The judgment overturns the decision of the Court of Appeal and narrowly interprets Article 24(2) of the Brussels I (Recast) Regulation. In so doing, the Supreme Court provided welcome guidance on the correct interpretation of this regulation.


The case concerned a Turkish company, Koza Altin (the “Turkish Parent”) which operates a gold mining business, part of a group of Turkish companies known as the Koza Ipek Group (the “Group”), a large Turkish-based mining and media conglomerate formerly controlled by Mr Ipek and his family. The first defendants to the appeal was Koza Ltd, an English company which is a wholly owned subsidiary of the Turkish Parent (the “English Subsidiary”). Mr Ipek and his family were the second defendants to the appeal of the Supreme Court.
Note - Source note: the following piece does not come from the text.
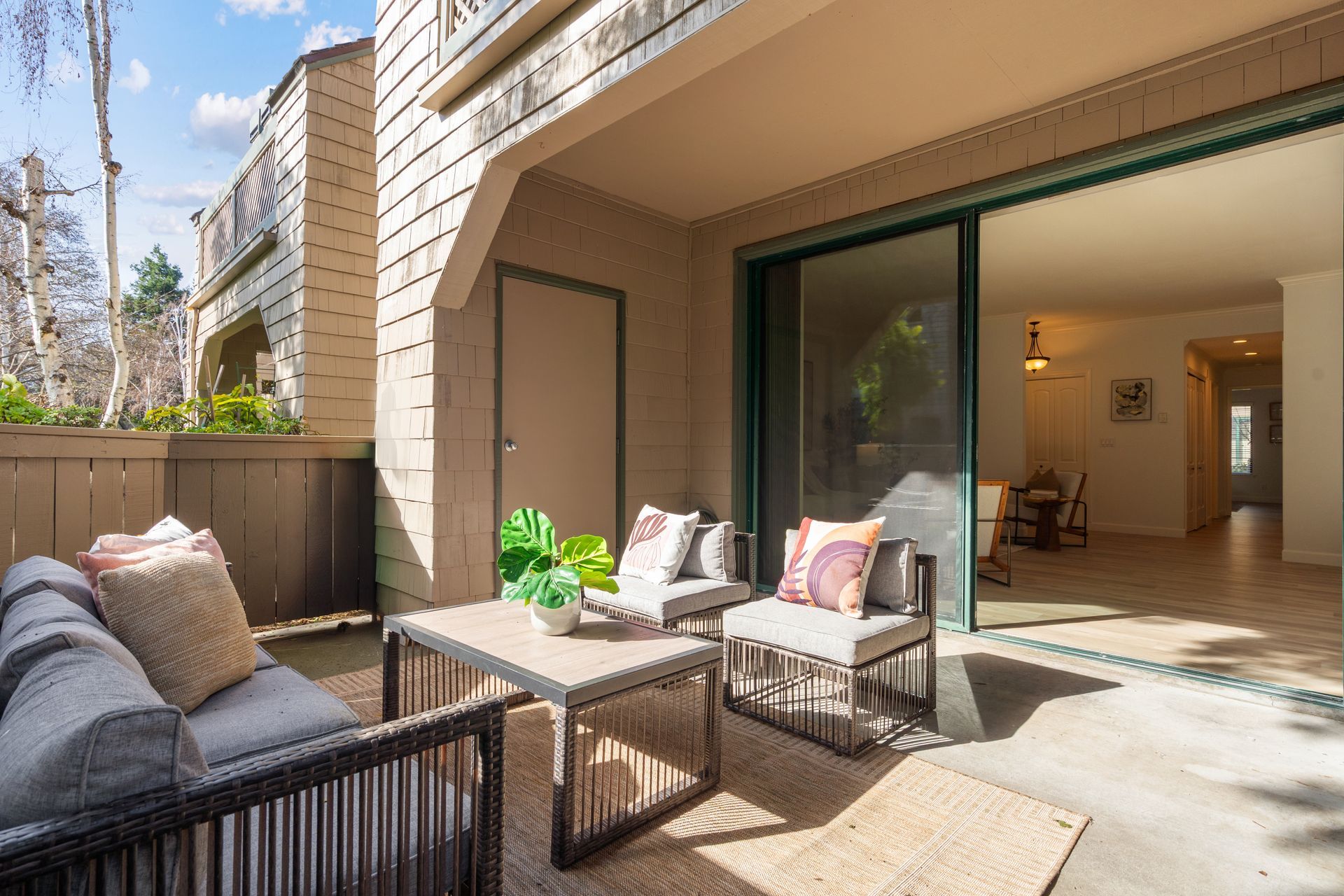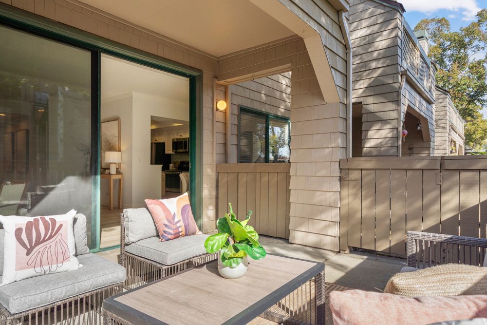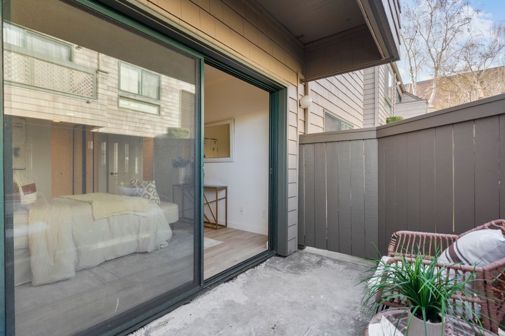 Wide glass sliders extend the living space outdoors to a dedicated patio enclosed by a low wood fence. With a built-in storage closet and tranquil greenbelt views, this generous outdoor area is ideal for barbecuing, entertaining, or enjoying quiet mornings and evenings surrounded by greenery with ample room for potted plants that further personalize the space.

Following a police raid on the Group’s headquarters in Ankara, allegations were made by the Turkish authorities that the Group was involved in the financing of terrorism. An Ankara Criminal Peace Judge made an order under Art. 133(1) of the Turkish Criminal Procedure Code replacing the existing boards of various companies within the Group, including the Turkish Parent, with appointed trustees who were required to manage those companies pending further investigations. Mr Ipek claimed that both himself and the Group were targeted unfairly by a hostile government in Turkey, including making them the subject of a discriminatory investigation into alleged criminal activity, that caused him to unjustly loose his control of the Group. In order to defend himself as regard to the control of the English subsidiary, Mr Ipek had caused a number of changes to be made to that company’s constitution and share structure. A new class of “A” shares was created, and the English subsidiary’s articles of association (the “Articles”) were amended to introduce a new article which purported to preclude any further changes to the articles of association or any change of directors unless the prior written consent of the holders of the “A” shares had been given. Two “A” shares were subsequently issued: one to Mr Ipek and the other to his brother.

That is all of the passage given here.